From next April, PEPs will be replaced by ISAs. You may, subject to eligibility and allowances, still take out a PEP until the end of the current tax year. All PEPs held at 5 April 1999 may continue to be held as PEPs outside the ISA, with equivalent tax advantages to an ISA and the value of any PEP investments you have will not affect the amount that you can put into an ISA.
As from 6 April 1999, when ISAs formally come into being, Fidelity will be offering both a maxi and a mini-ISA, including a range of its Open Ended Investment Companies (OEICs), unit trusts and investment trusts covering all the world's main markets. Fidelity says its ISA charges will be maintained at the PEP level of 3.25 per cent except for the MoneyBuilder Range. Fidelity will be offering two stocks and shares CAT-marked funds, its corporate bond fund, MoneyBuilder Income Fund, and its FTSE-100 index fund, MoneyBuilder Index Fund. Both funds have no initial charge, no withdrawal charges and a 0.7 per cent and 0.5 per cent annual charge respectively.

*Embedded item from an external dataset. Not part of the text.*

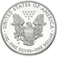 From 1986 to 2021, the reverse was designed by John Mercanti and portrayed a heraldic eagle behind a shield; the eagle grasping an olive branch in its right talon and arrows in its left talon, echoing the Great Seal of the United States; above the eagle are thirteen five-pointed stars representing the Thirteen Colonies. The reverse was inscribed with the phrases UNITED STATES OF AMERICA, 1 OZ. FINE SILVER~ONE DOLLAR, and E PLURIBUS UNUM (on the banner that the eagle holds in its beak), as well as the mintmark if applicable.[2]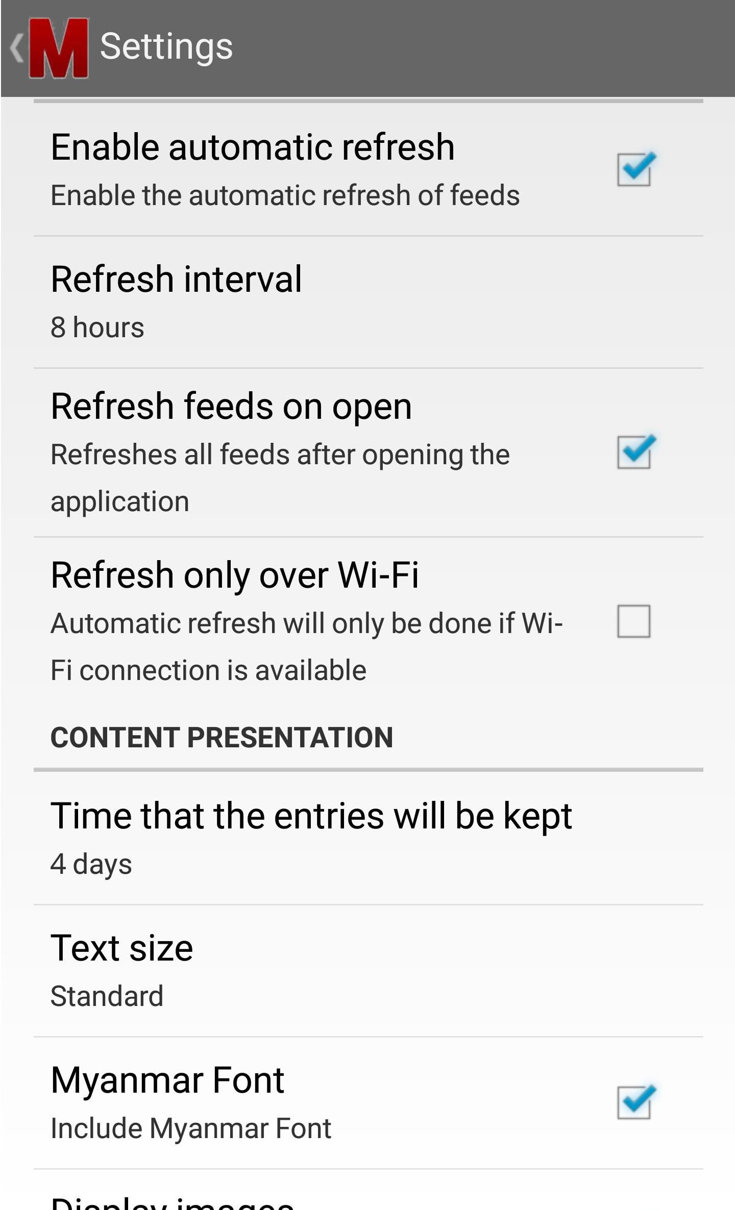 هذا هو تطبيق قارئ التغذية للأخبار من M-Media. سيحضر التطبيق أحدث خلاصات الأخبار من http://www.m-mediagroup.com/ ، يمكنك تحديد الأخبار بلغة اللغة الإنجليزية وميانمار. يسمح للمستخدمين بحفظ المقالات والعناصر المفضلة داخل الهاتف للقراءة غير المتصلة بالإنترنت. خط ميانمار مضمن داخل التطبيق.

But why worry about all this prior to next April? The answer is that Fidelity is taking advance bookings. If you apply for an ISA through Fidelity's online ISAXpress before 31 December 1998, the company will waive the 3.25 per cent initial charge when your money is invested in your chosen ISA funds on 6 April 1999. Assuming you are not investing in the CAT-marked funds which do not incur initial charges, this waiver equates to a potential saving of pounds 220 in charges.
To take advantage of this offer, Fidelity wants you to invest the full pounds 7,000 maximum allowable in year one in the Maxi ISA. Fidelity will park your money in its high interest Cash Fund, currently yielding 7 per cent gross, until 6 April 1999 when your ISA will be opened and pounds 7,000 will be switched into the ISA funds of your choice.
This combination of interest and reduced charges could be worth around pounds 400 to a basic rate taxpayer who invested now and activated their ISA on 6 April 1999. That is equivalent to a gross annual return of 10.1 per cent, or 8.7 per cent net of lower rate tax.